Technical Abstract: Successful management and utilization of increasingly large genomic datasets is essential for breeding programs to increase genetic gain and accelerate cultivar development. To help with data management and storage, we developed a sorghum Practical Haplotype Graph (PHG) pangenome database that stores all identified haplotypes and variant information for a given set of individuals. We developed two PHGs in sorghum, one with 24 individuals and another with 374 individuals, that reflect the diversity across genic regions of the sorghum genome. 24 founders of the Regional Biofuels Technical & Knowledge Center (CHIBAS) sorghum breeding program were sequenced at low coverage (0.01x) and processed through the PHG to identify genome-wide variants. The PHG called SNPs with only 5.9% error at 0.01x coverage - only 3% lower than its accuracy when calling SNPs from 8x coverage sequence.
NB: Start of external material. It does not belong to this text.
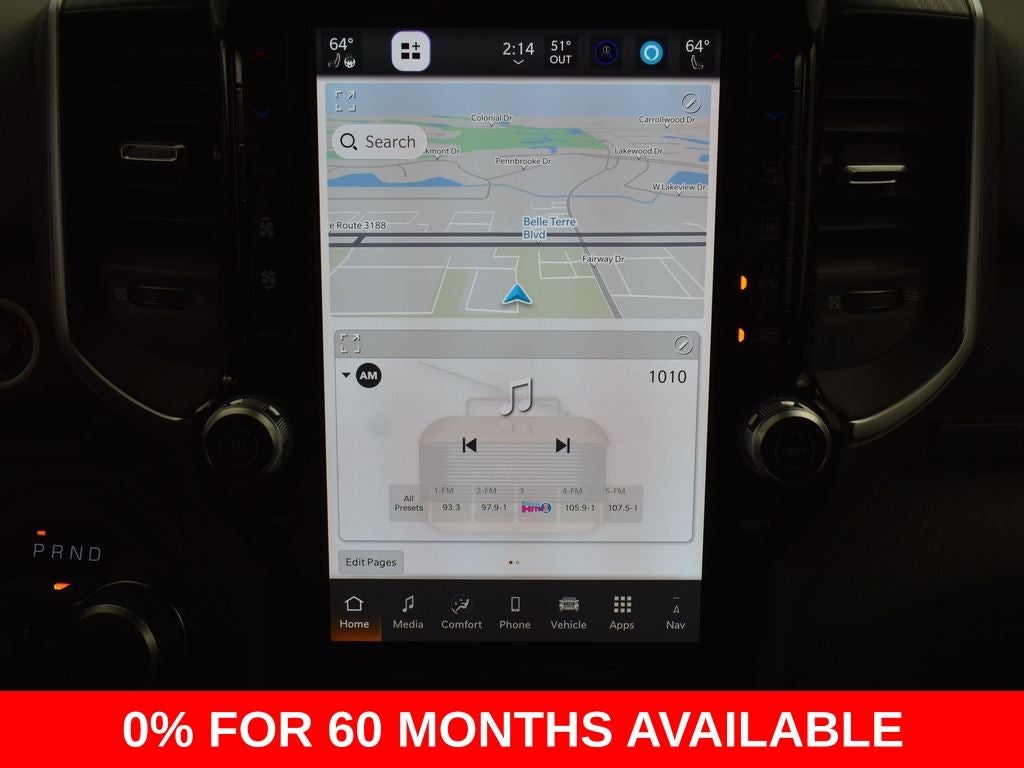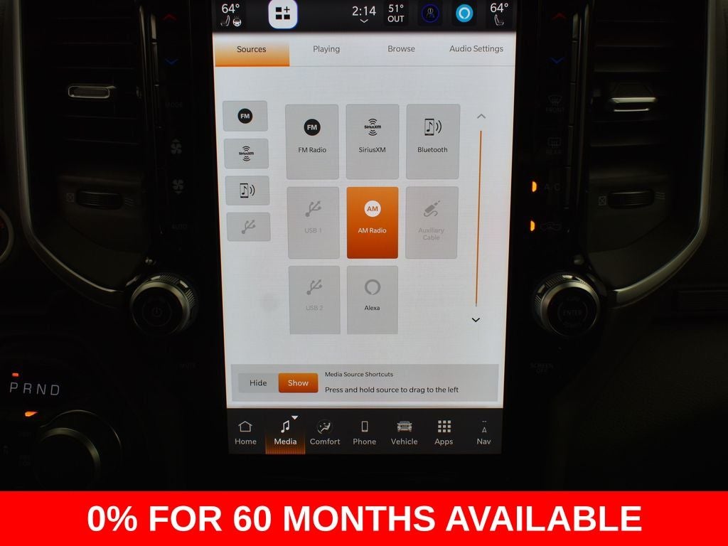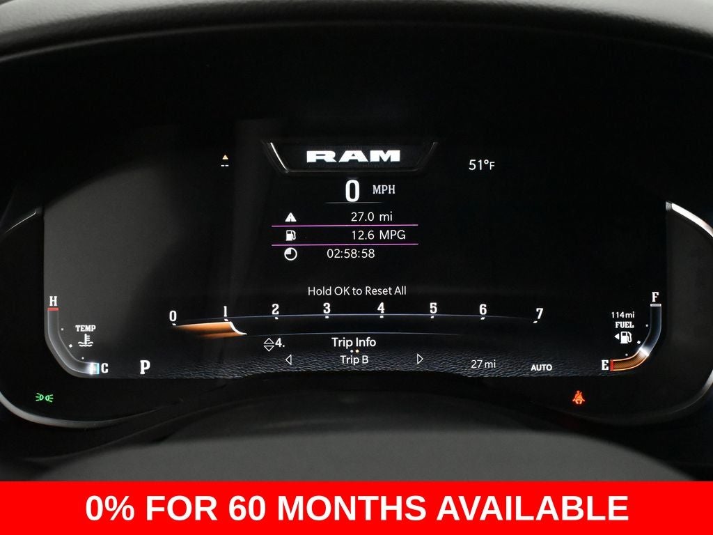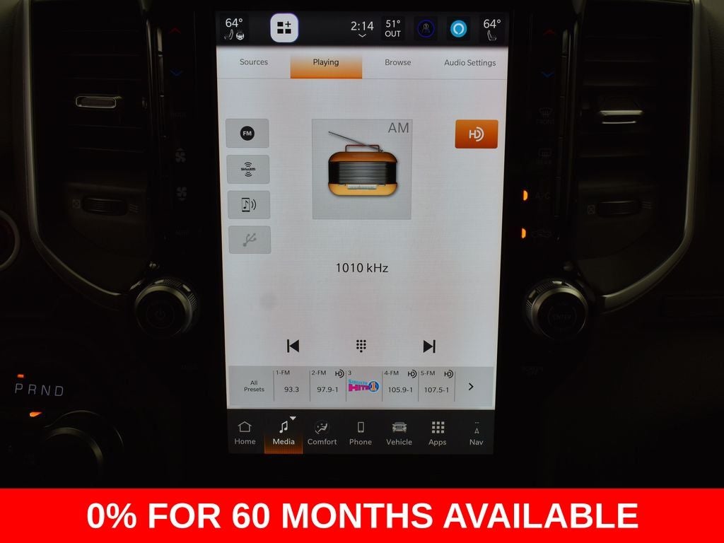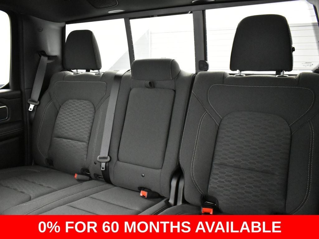 1500 Big Horn/Lone Star, 4D Crew Cab, HEMI 5.7L V8 Multi Displacement VVT eTorque, 8-Speed Automatic, 4WD, Bright White Clearcoat, Black w/Deluxe Cloth Bucket Seats, 115V Auxiliary Power Outlet, 115V Auxiliary Rear Power Outlet, 12 Touchscreen Display, 2nd Row In Floor Storage Bins, 3 Rear Seat Head Restraints, 4 Way Front Headrests, 4-Wheel Disc Brakes, 400W Inverter, 4G LTE Wi-Fi Hot Spot, 9 Amplified Speakers w/Subwoofer, ABS brakes, Accent Color Door Handles, Accent Color Premium Power Mirrors, Accent Color Tailgate Handle, Air Conditioning ATC w/Dual Zone Control, Alloy wheels, Anti-Spin Differential Rear Axle, Apple CarPlay, Auto Power-Folding Mirrors, Auto-Dimming Exterior Driver Mirror, Auto-Dimming Rear-View Mirror, Big Horn Level 2 Equipment Group, Black Exterior Mirrors, Black Exterior Truck Badging, Black Headlamp Bezels, Black Interior Accents, Black Painted Exterior Mirrors Caps, Black Premium Power Mirrors, Black Tail Lamp Bezels, Body Color Fender Flares, Body Color Front Bumper, Body Color Rear Bumper w/Step Pads, Bucket Seats, Center Console Parts Module, Cluster 7.0 TFT Color Display, Configurable Drive Mode, Connected Travel & Traffic Services, Connectivity - US/Canada, Convex Wide-Angle Exterior Mirror Insert, Deluxe Cloth Bucket Seats, Disassociated Touchscreen Display, Dual Exhaust w/Black Tips, Dual front impact airbags, Dual front side impact airbags, Exterior Mirrors Courtesy Lamps, Exterior Mirrors w/Heating Element, Exterior Mirrors w/Supplemental Signals, Front Seat Back Map Pockets, Full Length Floor Console, Global Telematics Box Module (TBM), Glove Box Lamp, Google Android Auto, GPS Antenna Input, GPS Navigation, Grille Black Surround Black Mesh, HD Radio, Heated Front Seats, Heated Steering Wheel, Integrated Center Stack Radio, Integrated Voice Command w/Bluetooth®, Leather Wrapped Steering Wheel, LED Dome Lamp w/On/Off Switch, LED Footwell Lighting, Low tire pressure warning, Manual Adjust 4-Way Front Passenger Seat, Media Hub w/2 Charge Only USBs, Mopar Black Tubular Side Steps, Night Edition, Outside temperature display, Overhead LED Lamps, Panic alarm, ParkView Rear Back-Up Camera, Power 2-Way Driver Lumbar Adjust, Power Adjust 8-Way Driver Seat, Power Adjustable Pedals, Power door mirrors, Power steering, Power windows, Premium Overhead Console, Quick Order Package 27Z Big Horn, Radio: Uconnect 5 Nav w/12.0 Display, RAM Grille Badge - Black, Rear 60/40 Folding Seat, Rear Center Armrest, Rear Power Sliding Window, Rear Window Defroster, Remote keyless entry, Remote Tailgate Release, Security Alarm, SiriusXM Radio Service, SiriusXM w/360L, Speed control, Steering Wheel Mounted Audio Controls, Sun Visors w/Illuminated Vanity Mirrors, Tilt steering wheel, Universal Garage Door Opener, USB Host Flip, Wheels: 20 x 9.0 Aluminum Painted Clad, Wheels: 20 x 9 Aluminum Chrome Clad (WRK).

Additionally, 207 progeny from the CHIBAS genomic selection (GS) training population were sequenced and processed through the PHG. Missing genotypes in the progeny were imputed from the parental haplotypes available in the PHG and used for genomic prediction. Mean prediction accuracies with PHG SNP calls range from 0.57-0.73 for different traits, and are similar to prediction accuracies obtained with genotyping-by-sequencing (GBS) or markers from sequencing targeted amplicons (rhAmpSeq). This study provides a proof of concept for using a sorghum PHG to call and impute SNPs from low-coverage sequence data and also shows that the PHG can unify genotype calls from different sequencing platforms. By reducing the amount of input sequence needed, the PHG has the potential to decrease the cost of genotyping for genomic selection, making GS more feasible and facilitating larger breeding populations that can capture maximum recombination. Our results demonstrate that the PHG is a useful research and breeding tool that can maintain variant information from a diverse group of taxa, store sequence data in a condensed but readily accessible format, unify genotypes from different genotyping methods, and provide a cost-effective option for genomic selection for any species.